Oh I forgot - I had tested this problem with Colima in https://github.com/drud/ddev/issues/4122#issuecomment-1272648461 - So this is not strictly a Docker Desktop issue I don't think.

noud-github commented 1 year ago

So this is not strictly a Docker Desktop issue I don't think.

i am using ranger desktop so I can concur on that.

shinde-rahul commented 1 year ago

The wsize=8192,rsize=8192 fix my issue too.

Carpenter0100 commented 1 year ago

@noud-github

Fuck this! I spent the whole day trying to find a solution to this problem. Thank you very much.

Could you explain how you came up with the solution and how you investigated the problem? Thank you.

karlshea commented 1 year ago

Could you explain how you came up with the solution and how you investigated the problem? Thank you.

All of the investigation is in this issue and drud/ddev#4122. I believe all of us looking into it thought we were raising the Docker defaults to fix the problem, but it turns out we were lowering them.

notinaboat commented 1 year ago

FWIW: I'm seeing nfsd send error 40 and md5sum bigfile hanging with Ventura NFS server and Raspberry Pi clients over WiFi (no Docker involved). Was reliable before Ventura. So this looks like a macOS problem.

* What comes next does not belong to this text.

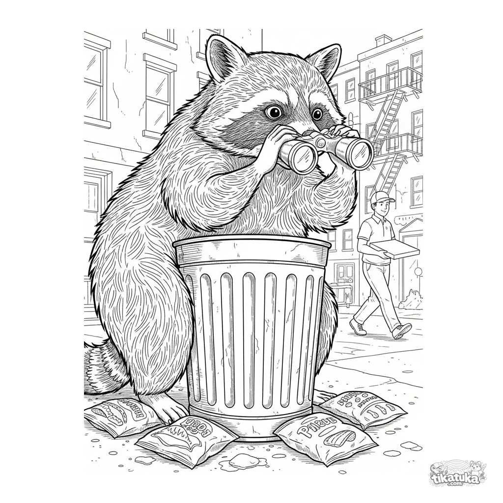 Página para colorear para niños 10-12: un mapache sospechoso en un contenedor con prismáticos, vigilando un reparto de pizza en un callejón.

wsize=65536,rsize=65536 works for me.

Krilo89 commented 1 year ago

Exactly what @Carpenter0100 says ;). How did you come up with those params @noud-github ?

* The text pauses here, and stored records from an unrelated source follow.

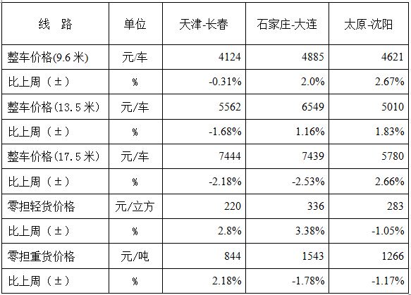 从分地区指数来看,各地区运价指数涨跌不一。其中,京津冀及东北地区运价指数环比回升,比上周回升0.2%左右;东部沿海及西北地区运价指数环比回落,幅度在0.1%-0.2%。
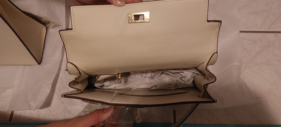 Beautiful, cream-coloured handbag with metallic gold clasp and pearl detail. It will accentuate any outfit for a day or evening out!
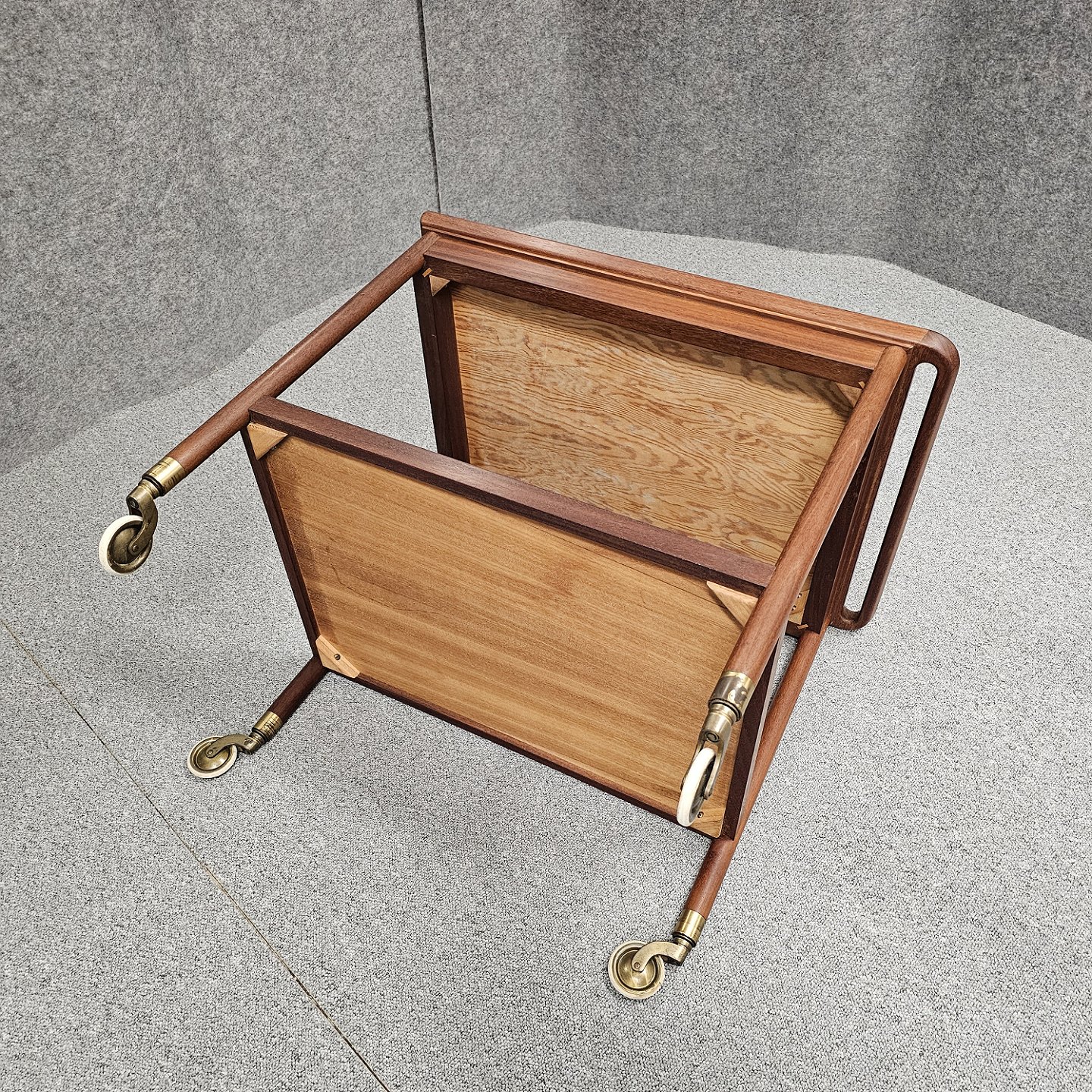 Rullebord i teak dekoreret med kakler i grønlige nuancer

freef4ll commented 1 year ago

The recently released Ventura 13.1 now has issues with wsize=32768,rsize=32768 and fail to use them:

nfssvc_addsock: socket buffer setting error(s) 22

Error code 22 is EINVAL.

Bumping the the NFS socket buffer to 65536 solves the issue for me.

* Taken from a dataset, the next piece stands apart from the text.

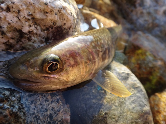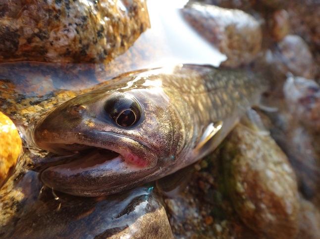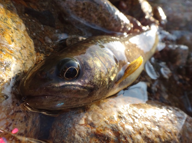 沢に降りると、増水ながらも釣りが出来そうなカンジで・・・ なんとかちびヤマメ達が釣れてくれました(笑) がっ、このままでは画像に収める被写体に出会えそうにないので以前お邪魔した沢に・・・ でも、こちらは砂防堰堤建設中で重機が走ってました(涙) またまた移動して・・・ |

herveguetin commented 1 year ago

Same issue with a Magento 2 project using huge amount of Composer dependencies. Using wsize=65536,rsize=65536 fixed the issue. Once YAML file is updated, do not forget to:

  1. docker compose down
  2. docker volume rm [NFSMOUNT_VOLUME_NAME]
  3. docker-compose up -d
noud-github commented 1 year ago

@Krilo89

actually, it was down to experience in DevOps for more than 2 decades , cannot find the git issue, but there was a vertura/docker/nfs issue where someone mentioned that running NFS on one laptop and docker on the other did not have the issue. That reminded me of a 2 decade old issue on windows where the mtu size was not respected/applied by the local interface (lo) breaking iSCSI on a local system so I actually only googled on NFS and packet size to find the solution

[edit]the working cross mac came from this tread: https://github.com/drud/ddev/issues/4122#issuecomment-1294862469

noud-github commented 1 year ago

@Carpenter0100 see above

docker-robott commented 1 year ago

There hasn't been any activity on this issue for a long time. If the problem is still relevant, mark the issue as fresh with a /remove-lifecycle stale comment. If not, this issue will be closed in 30 days.

Prevent issues from auto-closing with a /lifecycle frozen comment.

/lifecycle stale

karlshea commented 1 year ago

/remove-lifecycle stale /lifecycle frozen

There are workarounds, but with out of the box defaults it's broken. If anyone from the Docker org bothered replying to shed any light on this situation maybe it could move more towards "fixed".

colradec commented 1 year ago

Has anybody encountered a drastic decrease in performance (both r/w) of nfs mounts in 13.4? Installing our CI takes over ~40 minutes instead of ~5 (both M1 and M1 Pro)

I was debugging if the docker version caused this, however with another Mac with 13.3.1 no performance issues were noticeable.

To all of you, do NOT update to 13.4! The VirtIO FS does not have any performance issues but this problem #6820 seems to be present.